The Ninth Circuit reversed:
Critically, the district court did not hold that plaintiffs' actual legal theory (what the district court referred to as “Plaintiffs’ ‘on duty’ theory of liability”) was one in which common issues of law or fact did not predominate over individual questions. Instead, the district court treated plaintiffs' actual legal theory as all but beside the point, holding that because “there can be no assurances that [plaintiffs] w[ould] prevail on this theory,” (emphasis added), the district court's predominance inquiry would instead focus on the question whether plaintiffs “actually missed meal breaks,” an admittedly individualized inquiry.
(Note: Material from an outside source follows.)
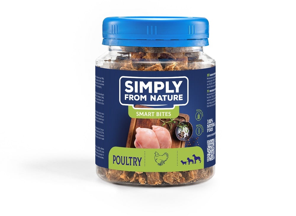 Friandises de viande, monoprotéinées et sans céréales de Simply from Nature. Elles rendent chaque entraînement et jeu avec votre chien plus facile et plus agréable ! Le parfum séduisant des friandises de volailles encourage le chien à effectuer des tâches.

By refusing to analyze plaintiffs’ “on duty” argument as the basis for its predominance inquiry because “there c[ould] be no assurances that they w[ould] prevail on this theory,” the district court ignored Ninth Circuit precedent and ultimately abused its discretion.
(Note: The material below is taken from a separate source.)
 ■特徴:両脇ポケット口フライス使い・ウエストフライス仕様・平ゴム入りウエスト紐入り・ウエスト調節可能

“In determining the propriety of a class action, the question is not whether the plaintiff or plaintiffs have stated a cause of action or will prevail on the merits, but rather whether the requirements of Rule 23 are met[,]” and “nothing in either the language or history of Rule 23 ... gives a court any authority to conduct a preliminary inquiry into the merits of a suit in order to determine whether it may be maintained as a class action.” Eisen v. Carlisle & Jacquelin, 417 U.S. 156, 177-78, 94 S.Ct. 2140, 40 L.Ed.2d 732 (1974) (quotation marks and citation omitted). Although certification inquiries such as commonality, typicality, and predominance might properly call for some substantive inquiry, “[t]he court may not go so far ... as to judge the validity of these claims.” Staton v. Boeing Co., 327 F.3d 938, 954 (9th Cir.2003). “[N]either the possibility that a plaintiff will be unable to prove his allegations, nor the possibility that the later course of the suit might unforeseeably prove the original decision to certify the class wrong, is a basis for declining to certify a class which apparently satisfies [Rule 23].” Blackie v. Barrack, 524 F.2d 891, 901 (9th Cir.1975).

Here, the district court not only “judge[d] the validity” of plaintiffs’ “on duty” claims, it did so using a nearly insurmountable standard, concluding that merely because it was not assured that plaintiffs would prevail on their primary legal theory, that theory was not the appropriate basis for the predominance inquiry. But a court can never be assured that a plaintiff will prevail on a given legal theory prior to a dispositive ruling on the merits, and a full inquiry into the merits of a putative class's legal claims is precisely what both the Supreme Court and we have cautioned is not appropriate for a Rule 23 certification inquiry. See Eisen, 417 U.S. at 177-78, 94 S.Ct. 2140; Cummings v. Connell, 316 F.3d 886, 896 (9th Cir.2003)(noting that “this circuit does not favor denial of class certification on the basis of speculative conflicts”); Staton, 327 F.3d at 954; Moore v. Hughes Helicopters, Inc.,708 F.2d 475, 480 (9th Cir.1983) (holding that “it is improper to advance a decision on the merits to the class certification stage”).
Slip op. at 5. I think the District Court pretty clearly got it wrong, and the Ninth Circuit got it right.